Camp offers healing for horses and children
A unique summer camp offers children battling cancer the opportunity to experience life on a ranch.
Nighthawk Ranch is located in Guffey, about 30 miles west of Cripple Creek.
Tom and Dorothy Evans started designing the ranch 20 years ago, always with a bigger purpose in mind.
Tom Evans lost his mother and brother to cancer. A cancer survivor himself, he says his time on the ranch and bonding with the horses was key in his recovery.
So he and Dorothy worked to open the doors of their ranch to children with cancer who have the first stages of their treatment behind them.
“We do things that they accomplish with their hands, with their minds, with their team. So at the end of the week they can say, ‘Look what I did! Look what I did,'” Tom Evans said.”We preach to them all week long, ‘You can be anything you wanna be. You can do anything you want to do, if you just work hard and never ever ever give up.'”

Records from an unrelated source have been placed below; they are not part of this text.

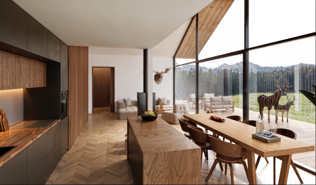 Thanks to the open interior layout and the full width of the building, this 69 m² house feels even more spacious. The living room and kitchen are combined into an impressive open-plan space, perfect for gathering and socializing. An optional layout allows for up to four bedrooms, making this model ideal for families or groups of friends.
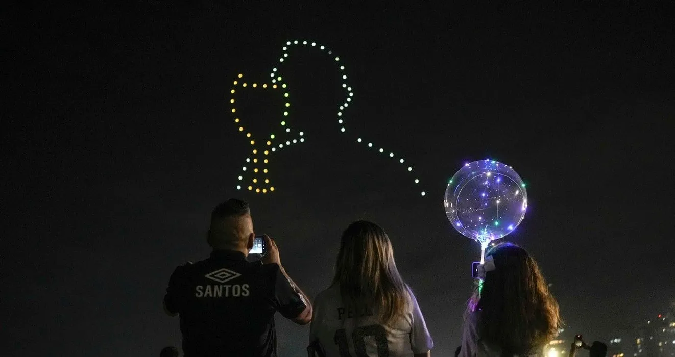 People watch a drone show in homage to the late Brazilian soccer star Pele, over Gonzaga Beach in Santos, Brazil, Saturday, Dec. 31, 2022. Pele, who played most of his career with Santos, died in Sao Paulo on Thursday at the age of 82.,Image: 747179354, License: Rights-managed, Restrictions: This content is intended for editorial use only. For other uses, additional clearances may be required., Model Release: no, Pictured: Pele
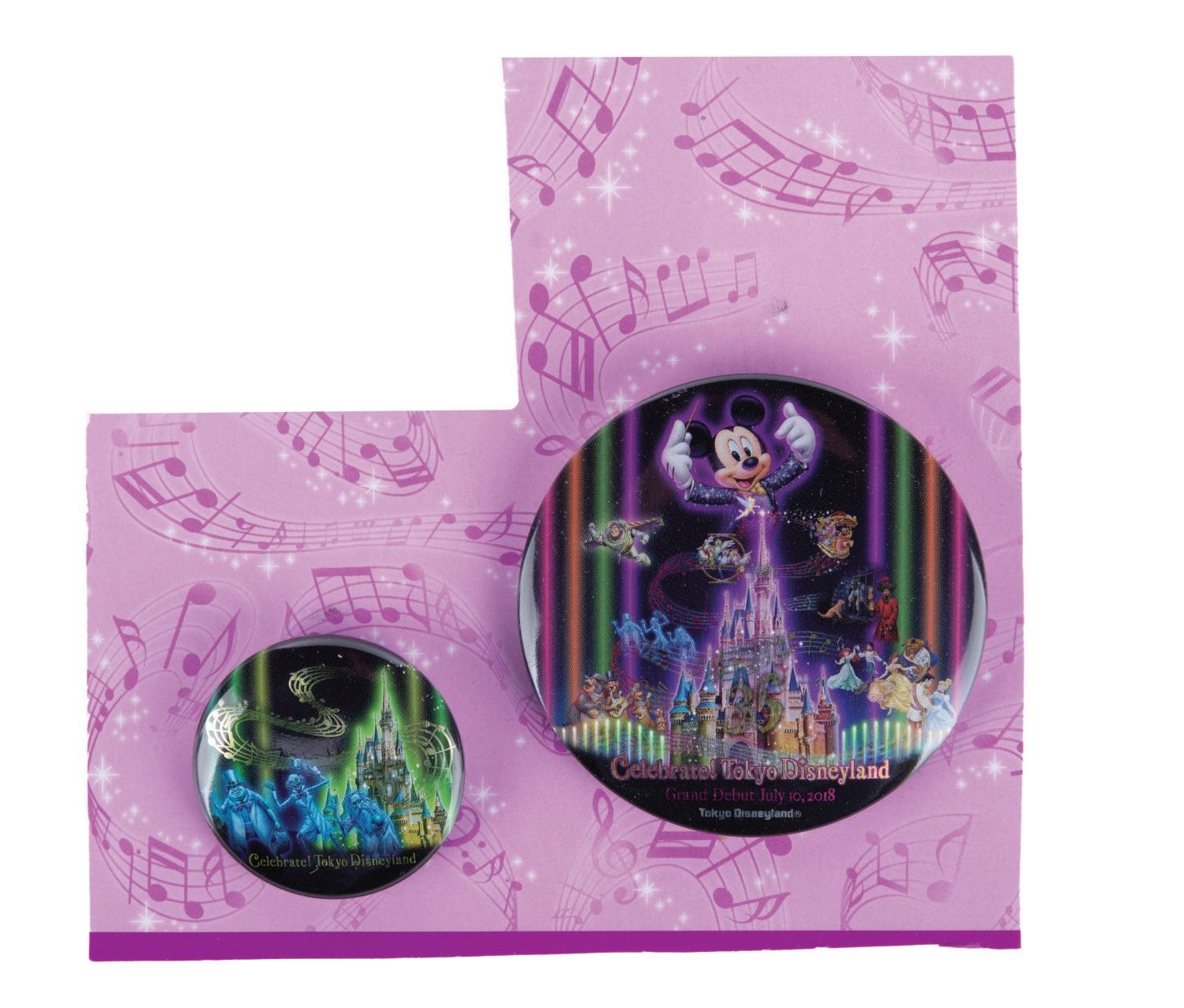 (Tokyo Disneyland, 2018) A pair of "Celebrate! Tokyo Disneyland" buttons with aluminum accents commemorating the 35th anniversary of the Park. The pieces are in fine unused condition.
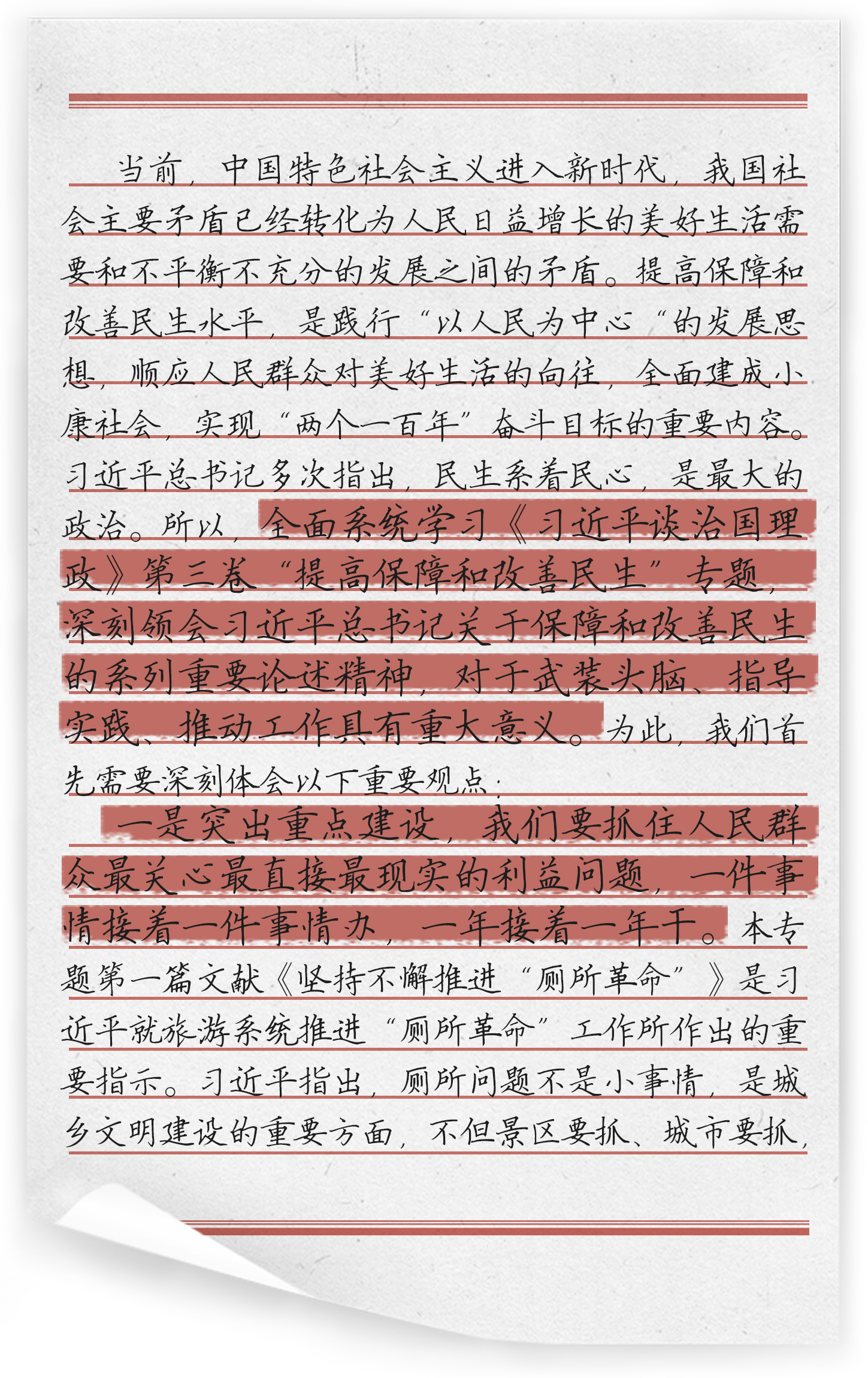 人民是党执政的最大底气,也是党执政最深厚的根基。习近平总书记始终以人民为中心,把人民放在心中最高位置,党的十九大以来,习近平总书记基于新时代民生建设面临的新情况、新问题、新任务和新目标,对保障和改善民生作出系列重要论述。在《习近平谈治国理政》第三卷中,保障和改善民生的精神和要求贯穿全书。其中,尤其以第十二部分最为集中,该专题以“提高保障和改善民生水平”为名,主要收录了习近平总书记自2017年11月至2019年11月期间关于保障和改善民生的讲话或讲话要点、指示要点等,汇编形成了四篇文献。
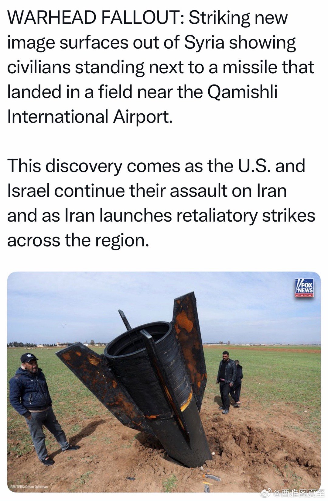 伊朗的反击,包括向叙利亚发射一枚导弹,目标是机场现场图片今天曝光:

The Evans teamed up with Justin Dunn four years ago. Dunn trains wild mustangs and abused or abandoned horses.
“The BLM horses that I get are untouched, so they’ve never been touched by a human. Just like any wild animal, they’re apprehensive, they’re not sure so we have to earn their trust,” Dunn told KRDO NewsChannel 13.
The rescue horses are more difficult to train, according to Dunn.
“They’re on guard. They don’t like humans. They’ve associated humans with something bad,” Dunn said.”I was paid to take one horse. The others were free. I took them, put them in our training program and here we are today .”
One of the campers, Taylor Jones, 10, told KRDO NewsChannel 13 she found it easier to connect with the girls at her camp. Jones battled a form of blood cancer known as acute myeloid leukemia.
“I kind of connect with them better than I do with kids at my school,” Jones said.”Sometimes I think I’m different from other kids but I realize that I’m not and it’s just a sickness and I’m the same.”